16th Jun · SEBI-Registered Analyst

“Eternal Ltd: Growth on steroids, profits on pause—will quick-commerce deliver the next big rally?”

$ETERNAL 📊 Stock Impact Current Price (June 16, 2026): ₹254–₹256 per share. Market Cap: ~₹2.33 trillion. 52-week range: ₹212.60 (low) – ₹368.45 (high). Valuation Metrics: P/E Ratio: ~649–664 (extremely high, signaling stretched valuations). EPS (TTM): ₹0.38–₹0.39. P/B Ratio: ~7.6. Recent Performance: YTD gain of ~9.7%, outperforming Nifty 50’s ~3.6%. 🔎 Investor Watchouts Profitability Concerns: Net profit fell 90% YoY to ₹25 crore despite revenue growth of 70.4% (₹7,167 crore).
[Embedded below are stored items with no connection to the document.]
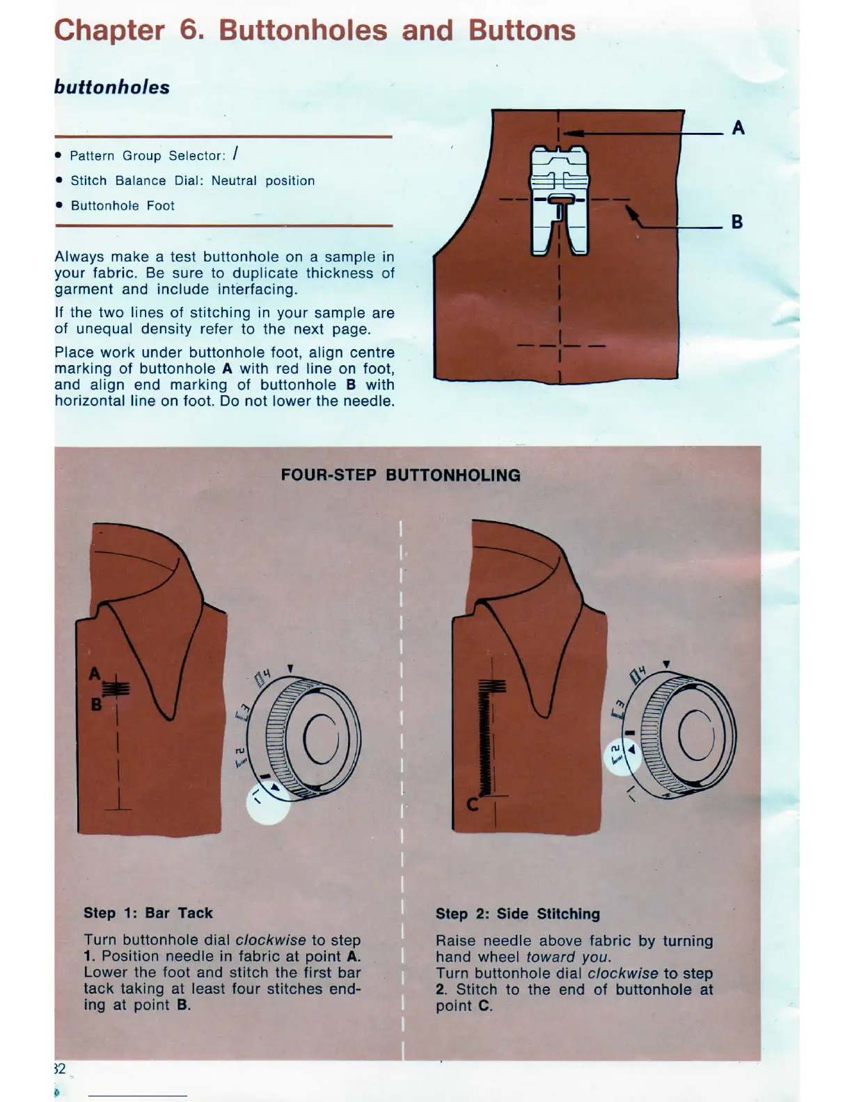 Singer 6136 - Chapter 6. Buttonholes and Buttons; buttonholes
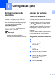 Configuração geral Modo Espera Display LCD Você pode selecionar por quanto tempo o aparelho necessita ficar inativo (de 1 a 60 minutos) antes de entrar no modo Espera. O timer será reiniciado se qualquer operação for feita no aparelho. Configurando o brilho da retroiluminação a b Pressione Menu. Você pode ajustar o brilho da retroiluminação do display. Se tiver dificuldades lendo o display, tente alterar a configuração de brilho. Pressione a ou b para selecionar Config. Geral. Pressione OK.
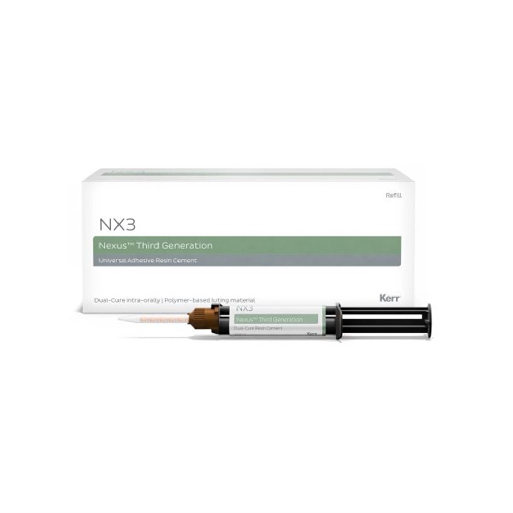 Universally indicated for all indirect applications, NX3 Nexus Third Generation is a permanent resin cement system with an innovative chemistry for unmatched esthetics, adhesion and great versatility. Delivery system choices include an automix syringe for dual-cure indications and a light-cure cement for multiple units where unlimited work time is needed. The automixing dual-cure cement can be used for all indirect applications, including veneers. With Kerr’s proprietary amine-free initiator system and optimized resin matrix, NX3 is the first truly colour-stable adhesive resin cement.
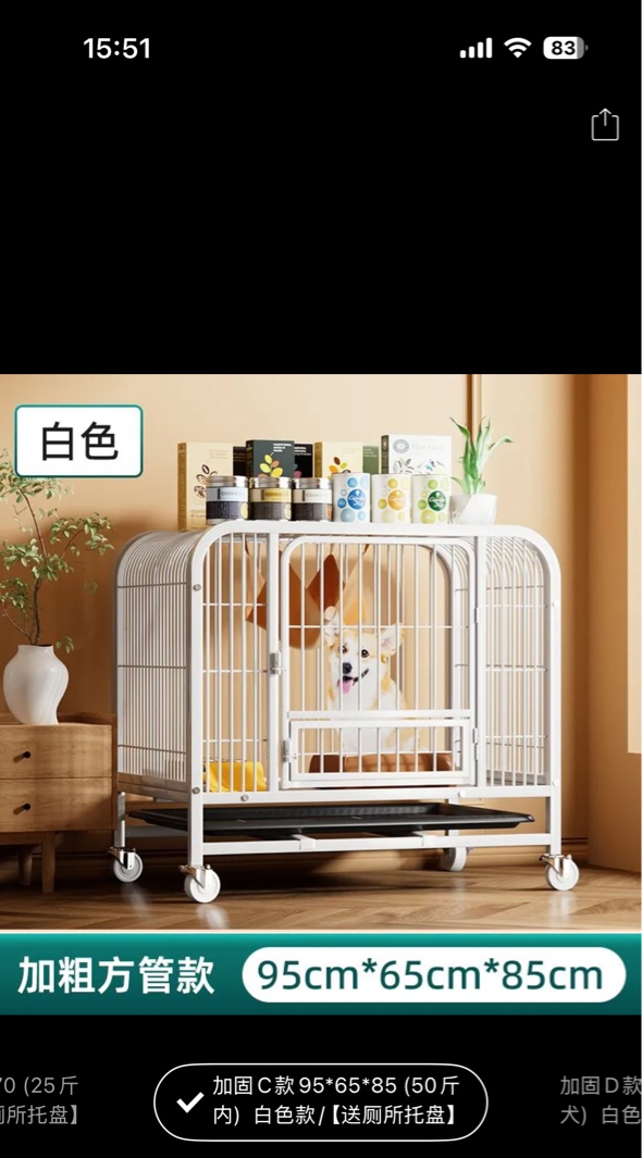 几乎全新狗狗笼,95*65*85cm,白色加粗款的,带厕所托盘,结实耐用,空间大
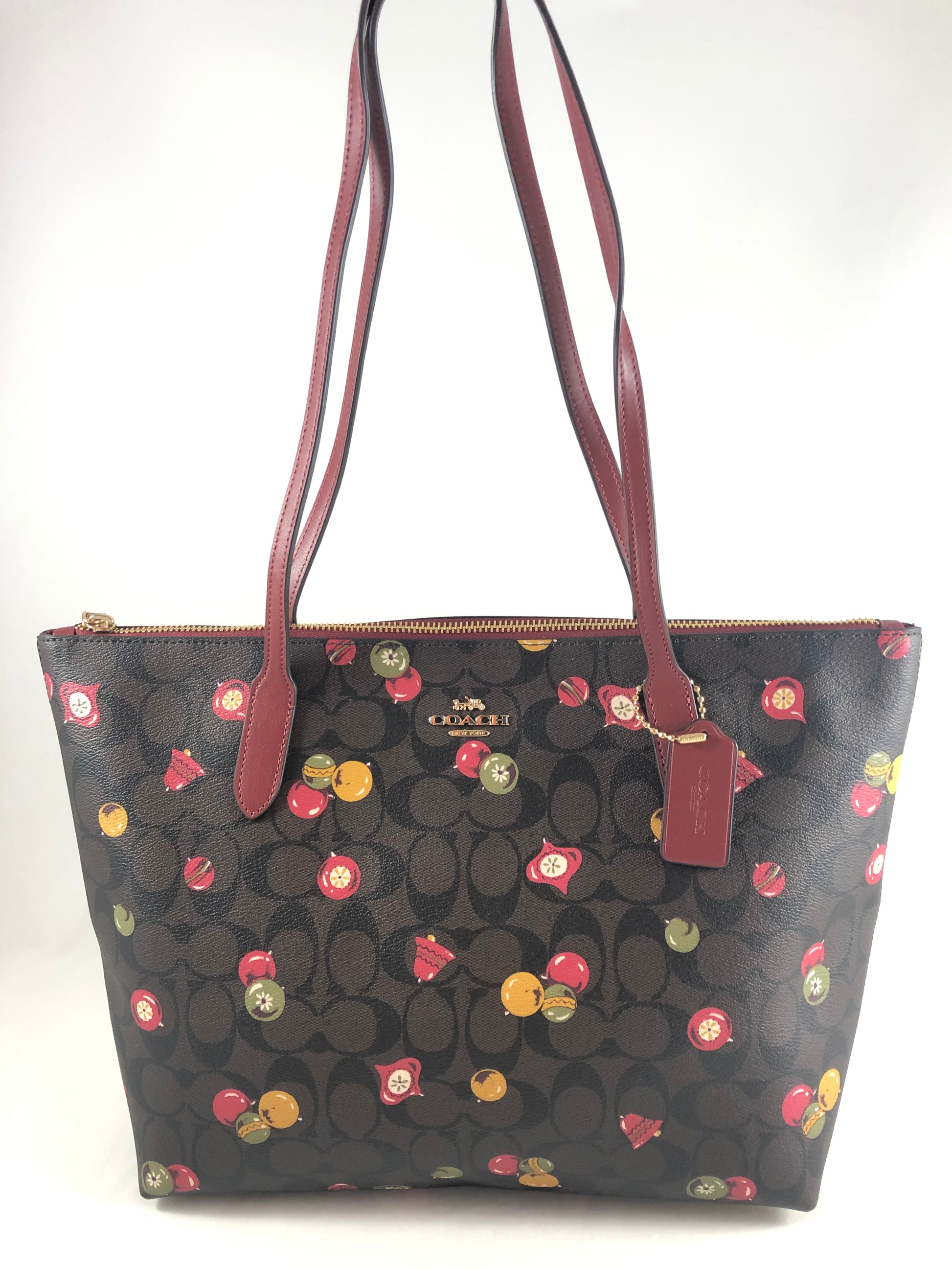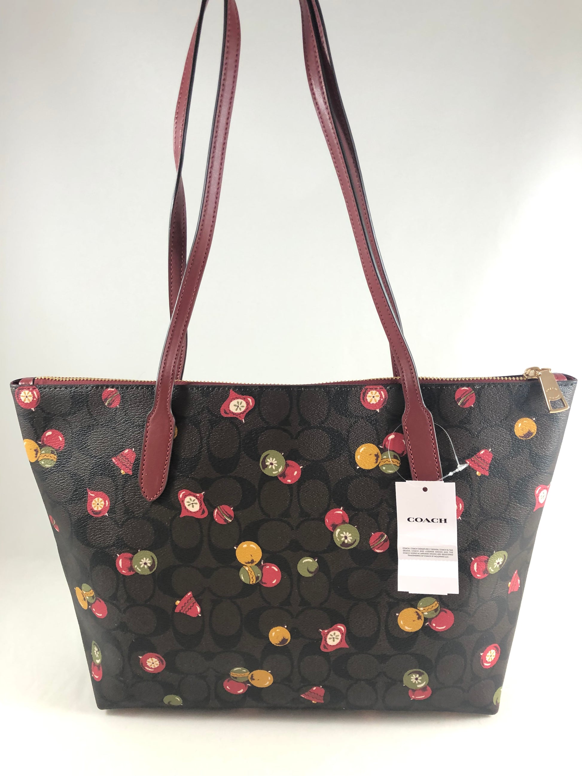New Authentic Coach Signature Ornament Print Zip Tote Handbag

Tax/GST Demands: Multiple notices from authorities (₹67 lakh, ₹64.9 million, ₹167.2 million) could create short-term sentiment risks. Competitive Landscape: Quick-commerce (Blinkit) faces intense rivalry from Swiggy, Reliance Retail, and others. Valuation Risk: Current P/E multiples are far above sector averages (~50), limiting upside potential. 📈 Strategic Outlook Growth Drivers: Expansion in quick-commerce (Blinkit) and food delivery. Diversification into events/ticketing (District) and food supply (Hyperpure). Strategic collaborations (e.g., with OpenAI for AI capabilities) may enhance operational efficiency. Brokerage Views: Geojit: “Hold” rating, target ₹337 (+11.7% upside). Wall Street Analysts: Average target ₹341 (+34% upside), with bullish forecasts up to ₹400. ✅ Key Takeaways Eternal remains a growth story in India’s digital economy but is not yet a profitability story. Investors should be cautious of regulatory risks, tax demands, and stretched valuations. Long-term upside exists if quick-commerce and food delivery scale profitably, but near-term volatility is likely. Best suited for risk-tolerant investors willing to ride out competitive and regulatory challenges.